The Cynic Project is the name of a predominantly trance project started in 1999 by American musician and producer Alex Smith. It is known for its uplifting melodies, as well as standard club beats. It rose in popularity with the upbringing of mp3.com in 2000, where it hosted its music, which was downloadable for free. Much of the earlier works were relatively short, considering trance standards. The project originally started as an experiment and developed into the high energy trance project it is today. During Smith's time with mp3.com, he worked with various artists that enhanced his sound and overall quality. Although the names of such people are unknown, they were very much involved with the creation and overall sound of songs such as Grid(Matrix), Eurodance Megamix, On Top of The World, and many others. His song Matrix ][ achieved six million downloads on mp3.com back in 1999.

Smith formerly lived at the University of Minnesota (Twin Cities Campus). He studied piano from grade school through high school with private teachers and also played the double bass. Creating electronic music using MIDI and MOD tracking software had been a hobby of his for years, but his music was never recorded or distributed until the summer of 1999. Smith is currently an instructor at DubSpot in New York, NY, where he educates on technique and style mass in music productions.

Smith began to earn significant profits from mp3.com's "payback for playback program." His dance track Matrix (now known as 'grid') hit #1 on the mp3.com music charts in November 1999.  In December 1999, he was the top earner on the site, receiving $5,261 in profits, which mp3.com paid based on revenue from on-site advertising.  Smith went on to build a home studio and started production on a CD. The first CD release, Soundscapes Sampler, was completed early in spring 2000. A Sidewinder single was released in the summer and Soundscapes 2000 was released in the fall of the same year.

Smith's inspiration for writing electronic music started when he heard Robert Miles' Children on vacation in Paris. He soon discovered the trance genre and cites several favorite artists including ATB, Ayla, BT, Ferry Corsten, Chicane, DJ Tiesto, Lange, DJ Sakin, Tomski, Rank 1, Energy 52, Kosmonova, and Solarstone.

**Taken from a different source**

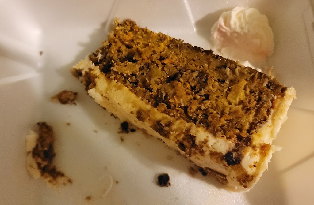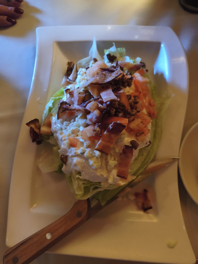 My wife’s wedge salad was similarly uninspiring. It consisted of a large slice of iceberg lettuce, simply drizzled with globs of lumpy ranch dressing, which overwhelmed the freshness of the lettuce rather than complementing it.

One of his biggest hits, Grid ][ (Trance Mix), was originally known as Matrix ][. Mp3.com forced every artist to rename every song that contained a commercially dubious name, even though the song had the name before the first Matrix movie was known to the public.

On August 23, 2011, The Cynic Project released a self-titled album that is currently being sold at Amazon as a digital download. The album features 27 tracks and includes many of the best songs produced by The Cynic Project including Matrix ][ as track #5.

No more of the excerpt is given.